== Try it ==
What are the lines below, starting at the line containing "古墳時代の土器の特徴は、縄文" and ending at the line containing "やわらかな水の流れ、キラキラ"? Write them out exactly, ends included, without pictures.

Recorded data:
========================

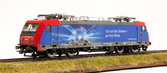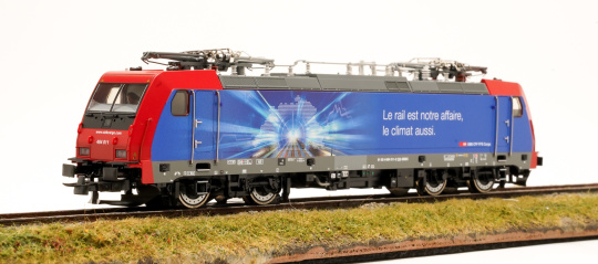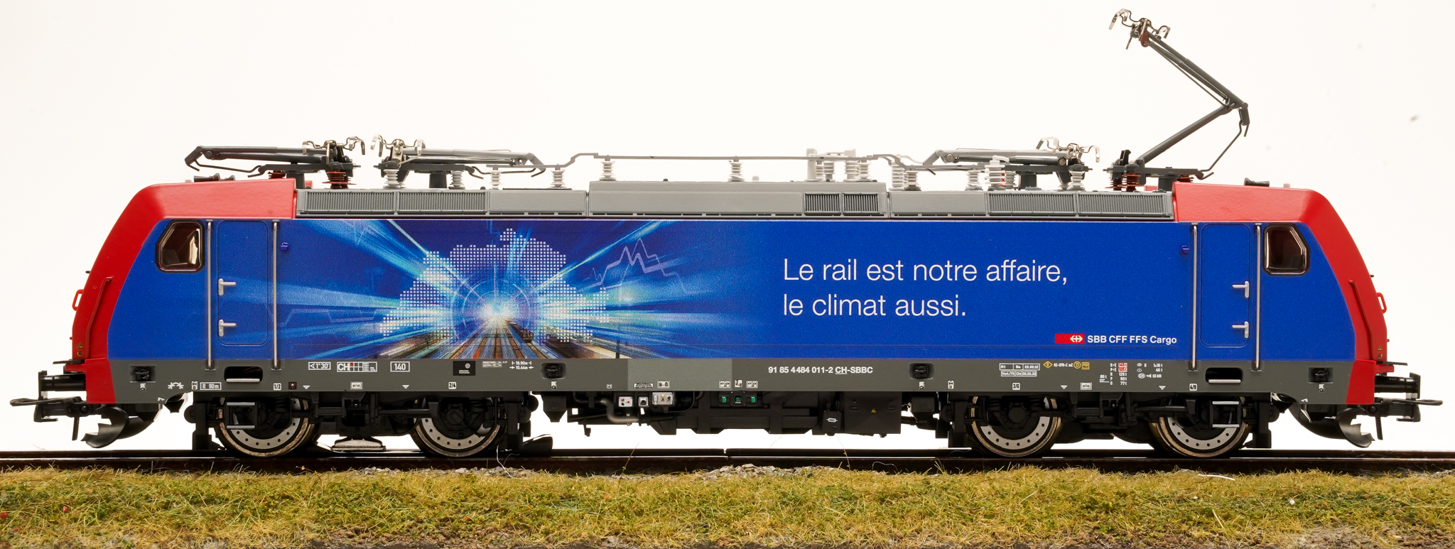 Mit dem Statement „Gut auf der Schiene – gut fürs Klima‟ rollte die Re 484 011 im Oktober 2021 aus der Werkstatt. Die Botschaft ist auf der gegenüberliegenden Seite in französischer Sprache angebracht. Die Abbildung symbolisiert, mit der Schweizer Karte und den mitten hindurch fahrenden Schienengüterverkehr, den stark steigenden Transport durch die Schweiz.
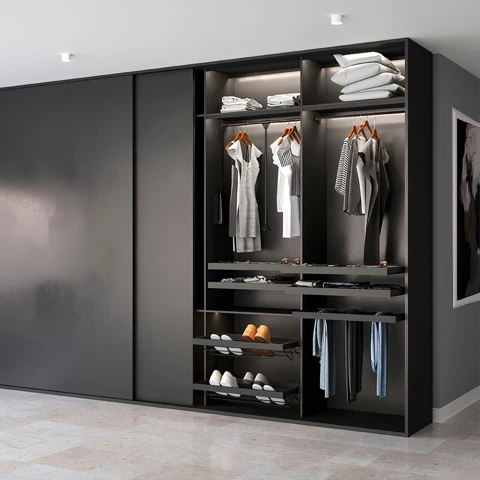 L'appendiabiti per armadio Hang permette di avere accesso alla zone più alte dell'armadio senza sforzo. La barra è regolabile in larghezza per essere adattata al vano utile dell'armadio, oltre ad avere un movimento dolce con ritorno ammortizzato ha una capacità di carico massimo di 12 kg. In caso di installazione sull'armadio con porte a battente si raccomanda il montaggio insieme agli spessori laterali Hang 7085025/7085013/7085017/7085049.
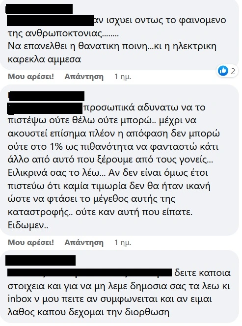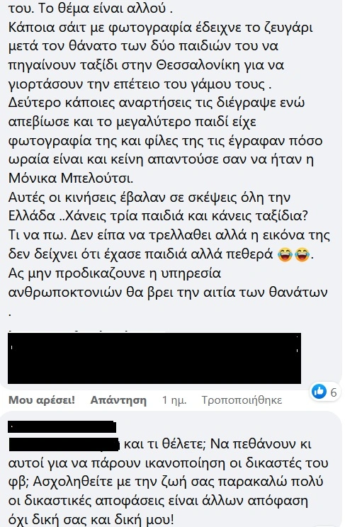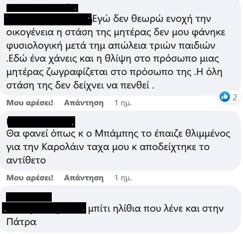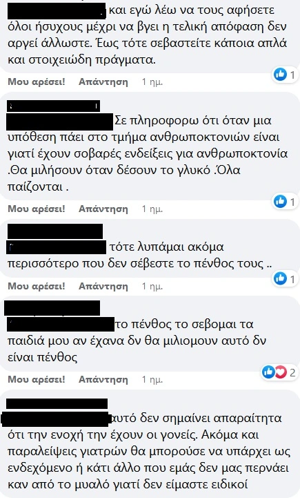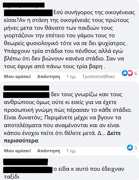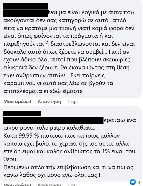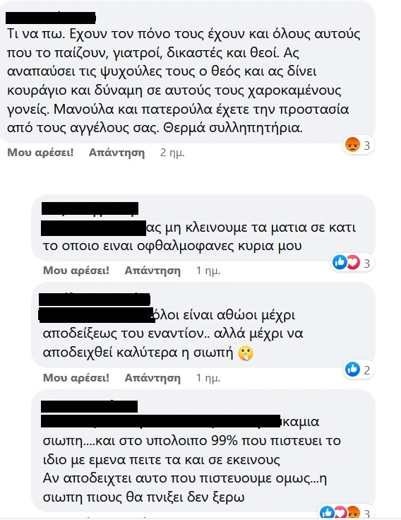 «Εχετε εσείς αίσθηση τέτοιου πόνου για να κρίνετε και να κτυπάτε σε αυτές τις στιγμές...?? Γυρολόγοι δικαστές αφήστε τους ανθρώπους στον πόνο τους να θρηνήσουν όπως θέλουν... επιτέλους !!! Ντροπή !!!». Με τον τρόπο αυτό επέλεξε να απαντήσει στον καταιγισμό μηνυμάτων καχυποψίας στην προσωπική σελίδα στο Facebook του πατέρα των 3 μικρών κοριτσιών, που έχασαν την ζωή τους μέσα σε τρία χρόνια στην Πάτρα, διαδικτυακός φίλος του Μάνου Δασκαλάκη.
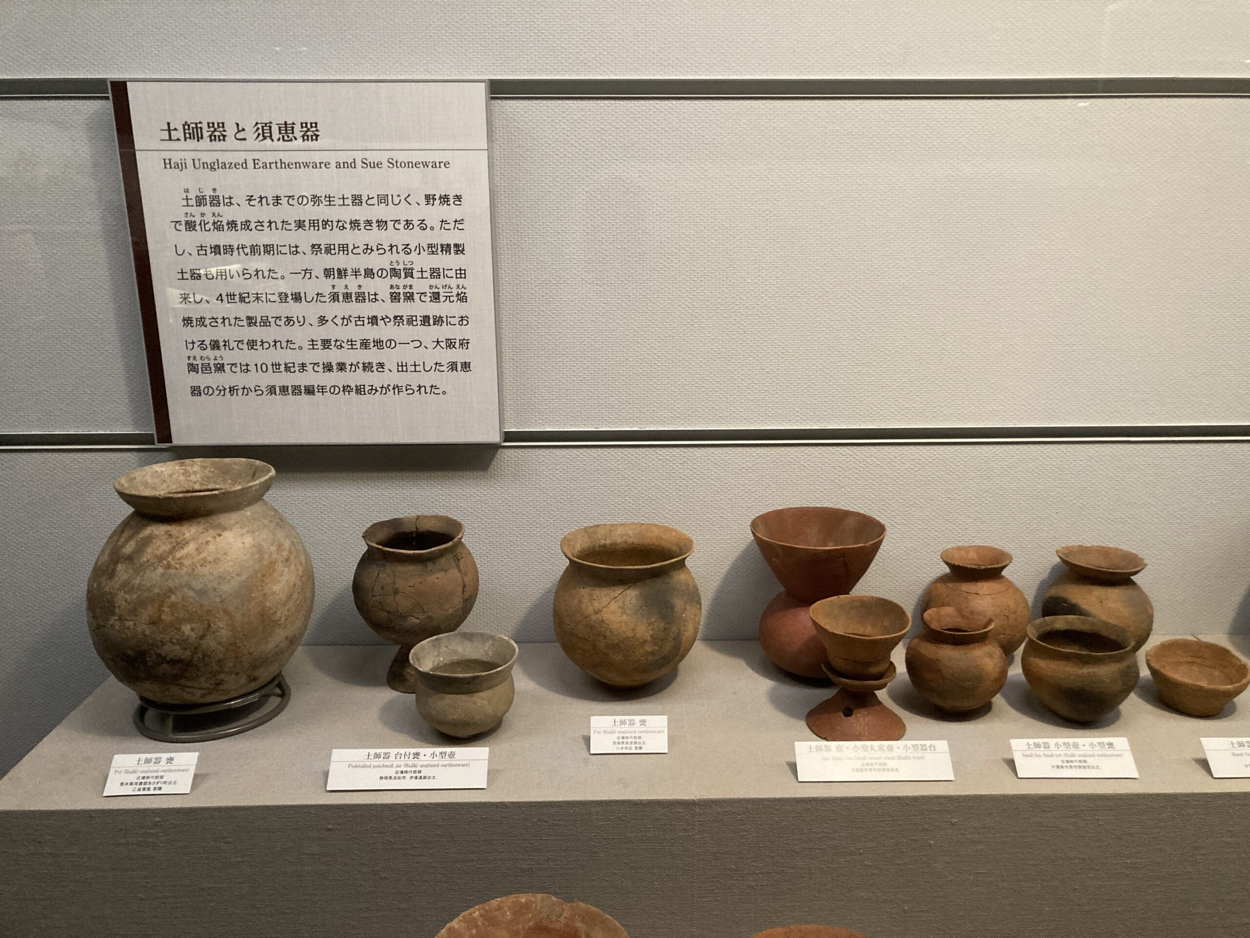 古墳時代の土器の特徴は、縄文時代~弥生時代と受け継がれてきた野焼きの土師器に加えて、4世紀末に朝鮮半島から伝わった穴窯で焼く須恵器の登場だと思う。
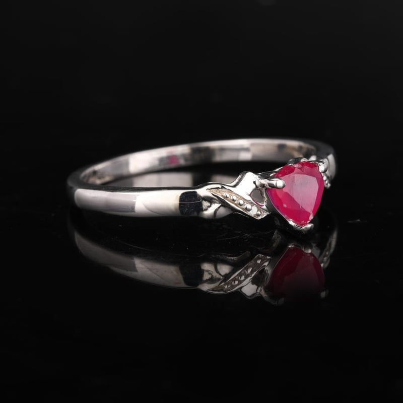Heartfelt Elegance: BKK Ruby Heart-Shaped Ring with White Diamond Accents
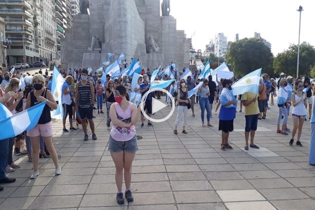 Pese a estar convocado para las 17, la mayor cantidad de público se acercó pasadas las 17.30. Muchos con la bandera argentina, precisamente hoy 27 de febrero, 209 años después del izamiento de la enseña patria justamente en este lugar. Algunos, los menos, con pancartas que rezaban, entre otras, “Abajo plandemia”, “Basta de zurdaje empobrecedor”, “Kanallas”, “No al robo a los jubilados”. Además del público que llegó a pie, una gran cantidad de vehículos, muchos con banderas nacionales, pasaron por la avenida Belgrano tocando bocina y haciéndose sentir también.
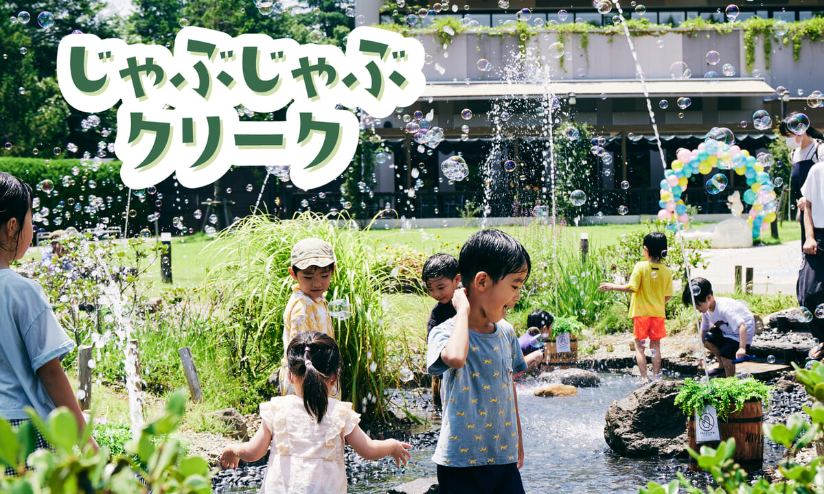やわらかな水の流れ、キラキラと輝くシャボン玉、太陽の光に包まれながら、お子さんたちが笑顔ではしゃぐ姿があちこちに広がります。
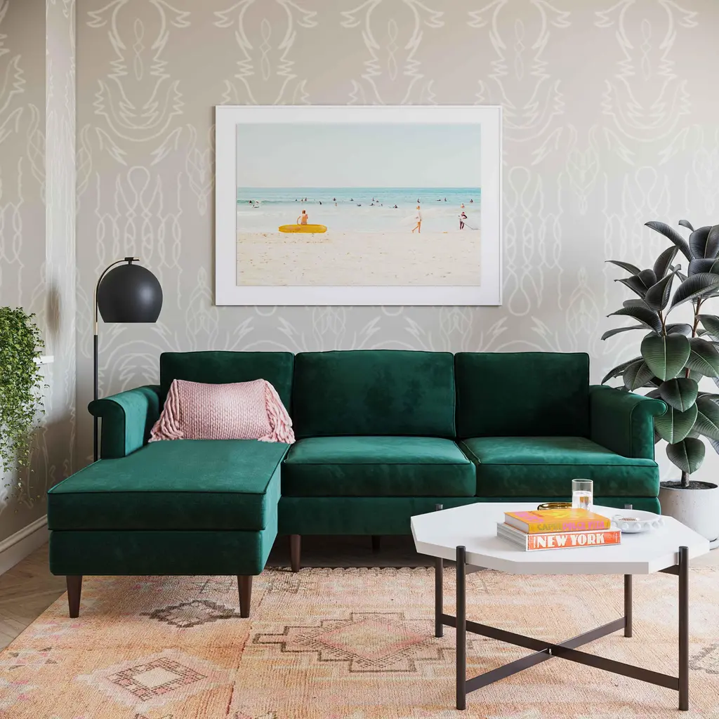 Mid-century modern is a classic design and the Porter sectional reinforces its allure. It offers timelessness and comfort with its removable cushions, sumptuous velvet upholstery, sturdy birch wood frame, and elegant rolled arms. This splendid sectional is available in grey or forest green options and either RAF or LAF configuration.
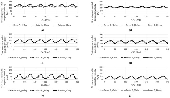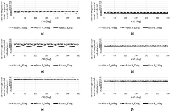 The analysis of the tangential velocity component at the outlet from the first- and second-stage rotors showed an increased turbulent flow. The closure of the VTG vanes increased the tangential velocity at the first-stage rotor outlet, which resulted in high flow deviation of the exhaust gases from the axial direction. However, the opposite behavior was observed at the second-stage rotor, as the closure of VTG vanes promoted axial flow of the exhaust gases. Rotor B provided lower values of the tangential velocity for every stage, which led to the less turbulent flow than in the case of the rotor A geometry.
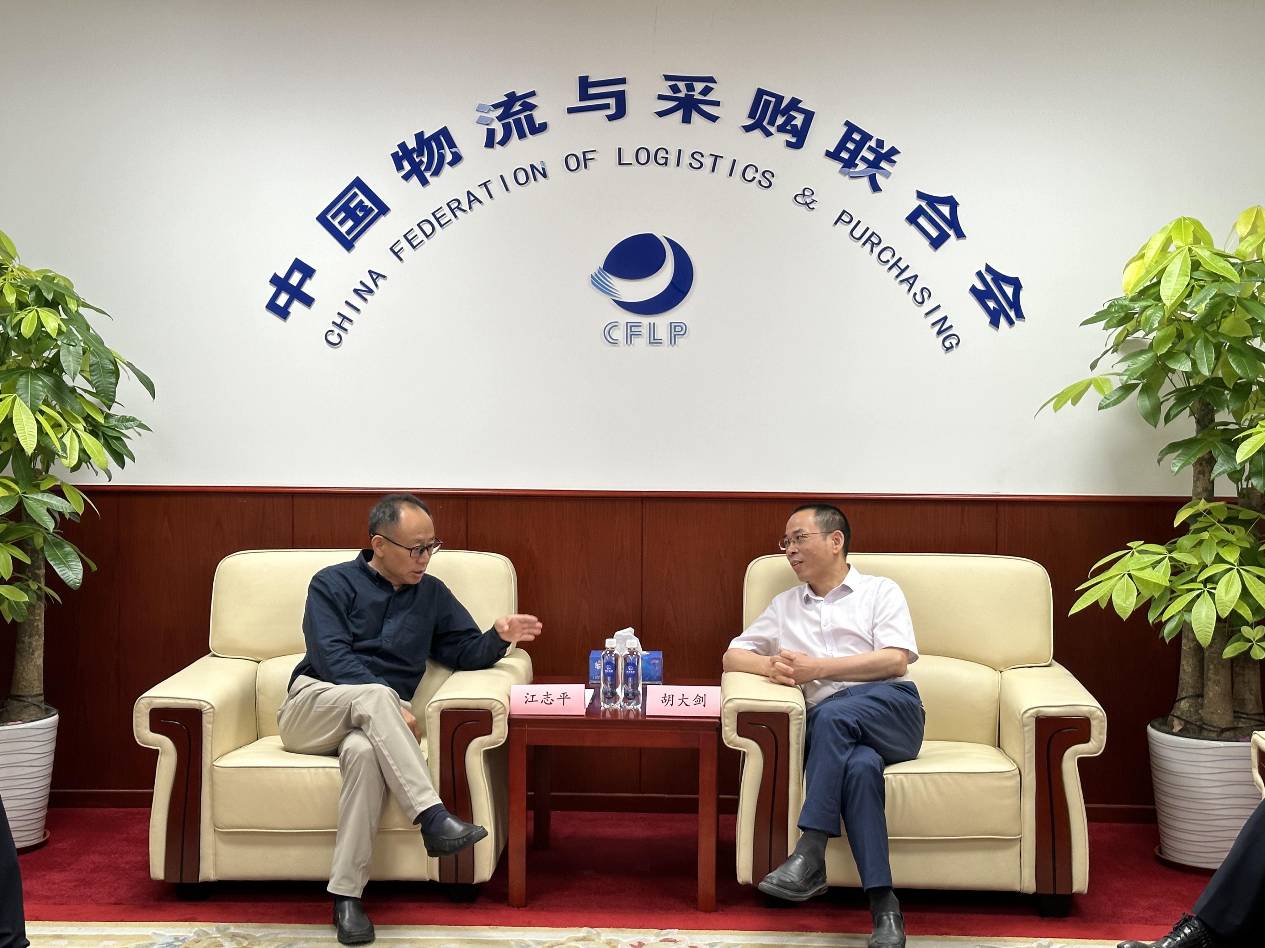 2025年7月15日,江蘇省現代供應鏈協會常務副會長江志平一行來訪中國物流與采購聯合會,中國物流與采購聯合會副會長胡大劍接待并進行座談交流。
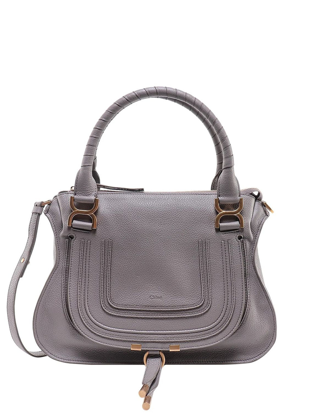 A: The Chloé Women's Marcie Double Carry Bag is crafted from high-quality leather, ensuring durability and a luxurious feel. The cashmere grey color adds a sophisticated touch, making it a versatile choice for any wardrobe.
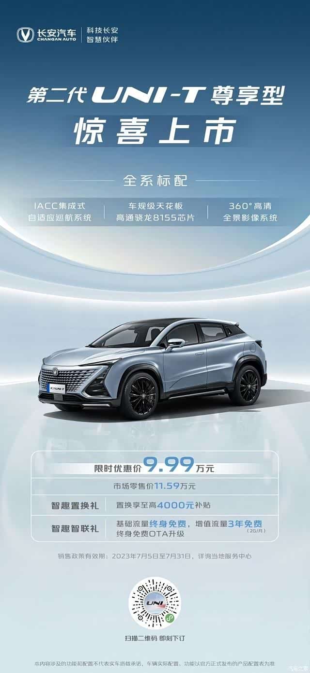 车家号·0浏览·2024-07-04 07:40 · 陕西近日,长安汽车宣布,UNI-T尊享型正式上市,售价11.59万元。在7月5日-7月31日,限时优惠售价9.99万元。购车还能享受置换礼、智联礼等。新车配备自适应巡航、高通骁龙8155芯片、360°全景影像等配置,性价比不错。
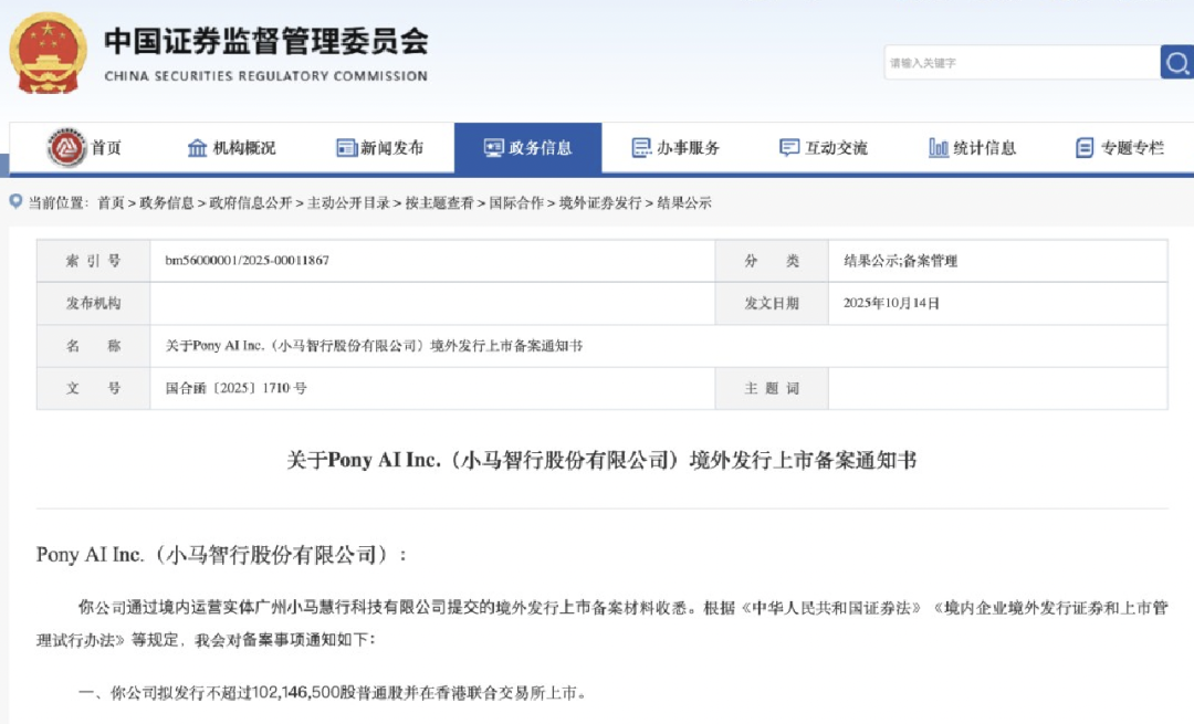 10月14日,中国证券监督管理委员会正式确认小马智行(PonyAIInc.)境外发行上市备案信息,明确其拟发行不超过102,146,500股普通股并登陆香港联合交易所。

========================

== Response ==
 古墳時代の土器の特徴は、縄文時代~弥生時代と受け継がれてきた野焼きの土師器に加えて、4世紀末に朝鮮半島から伝わった穴窯で焼く須恵器の登場だと思う。
Heartfelt Elegance: BKK Ruby Heart-Shaped Ring with White Diamond Accents
 Pese a estar convocado para las 17, la mayor cantidad de público se acercó pasadas las 17.30. Muchos con la bandera argentina, precisamente hoy 27 de febrero, 209 años después del izamiento de la enseña patria justamente en este lugar. Algunos, los menos, con pancartas que rezaban, entre otras, “Abajo plandemia”, “Basta de zurdaje empobrecedor”, “Kanallas”, “No al robo a los jubilados”. Además del público que llegó a pie, una gran cantidad de vehículos, muchos con banderas nacionales, pasaron por la avenida Belgrano tocando bocina y haciéndose sentir también.
やわらかな水の流れ、キラキラと輝くシャボン玉、太陽の光に包まれながら、お子さんたちが笑顔ではしゃぐ姿があちこちに広がります。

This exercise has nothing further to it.